# F1 Decade starts this Sunday, DO NOT MISS!



## F1Crazy (Dec 11, 2002)

F1 Decade, series of one-hour movies highliting each race in '93 championship starts this Sunday on Speed Chanel at 9PM Eastern.
This time we'll see South African GP from March 14th, 1993.

This is the last season of Senna - Prost battle, make sure you *DON"T MISS IT!!!*


----------



## FSelekler (Jan 15, 2002)

It certainly going to bring back some memories


----------



## a.k.a. Jorg Muller (Apr 3, 2003)

*DONINGTON, Senna in the wet !*

I can't wait, I hope they do this series every year, 10 years on from the year they feature


----------



## richard (Apr 3, 2002)

It's going to be great seeing a proper looking F1 car again.

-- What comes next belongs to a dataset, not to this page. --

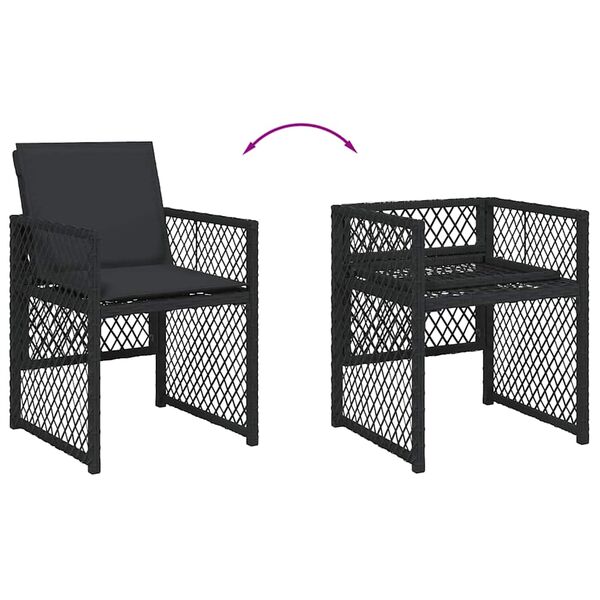 Relax and enjoy the outdoors in these comfortable garden chairs! Durable material: PE rattan, also known as poly rattan, is a strong, low-maintenance synthetic material that looks like natural rattan. It's lightweight, easy to clean, and commonly used for outdoor furniture due to its durability and weather-resistant properties.Comfortable seat experience: This outdoor furniture, complete with thickly padded cushions, offers a comfortable seating experience.Flap backrest: These chairs have a flap backrest that can be folded down for compact storage.Removable and washable cover: These cushions feature removable covers for easy washing and maintenance. The chair cushion covers have a flap at the back for easy attachment to the chairs.Robust and stable frame: The powder-coated steel frame ensures the garden furniture is strong and stable for daily outdoor use. Good to know:To make sure your outdoor furniture stays beautiful, we recommend protecting it with a waterproof cover.
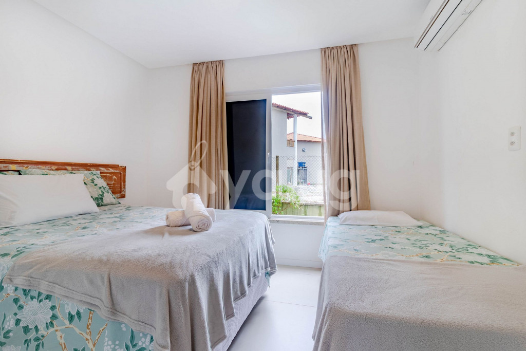 São 3 quartos aconchegantes, climatizados (2 no andar superior e 1 térreo), sala de estar, cozinha completa e uma ótima varanda para descanso.

Of course, it will make me hate these narrow track monstrosities even more. Is it my imagination or do these modern cars have a longer wheelbase than before?


----------



## SteveT (Dec 22, 2001)

The TIVO is set.

:thumbup:


----------



## WAM (Jan 30, 2002)

From Speed Channel:

F1 Decade - Highlights of the 1993 Formula 1 season


South Africa Sun, May 11 9pm
Brazilian Grand Prix Sun, May 25 9pm
Grand Prix of Europe Sun, Jun 22 9pm
San Marino Grand Prix Sun, Jul 13 9pm
Spanish Grand Prix Sun, Aug 10 9pm
Monaco Grand Prix Sun, Aug 17 9pm
Canadian Grand Prix Sun, Aug 31 9pm
French Grand Prix Sun, Sep 7 9pm
British Grand Prix Sun, Oct 5 9pm
German Grand Prix Sun, Oct 26 9pm
Hungarian Grand Prix Sun, Nov 9 9pm
Belgium Sun, Nov 16 9pm
Italian Grand Prix Sun, Nov 23 8pm
Portugal Sun, Nov 30 8pm
Japanese Grand Prix Sun, Dec 7 8pm
Australian Grand Prix Sun, Dec 14 8pm


All times Eastern
Check listings for replays


----------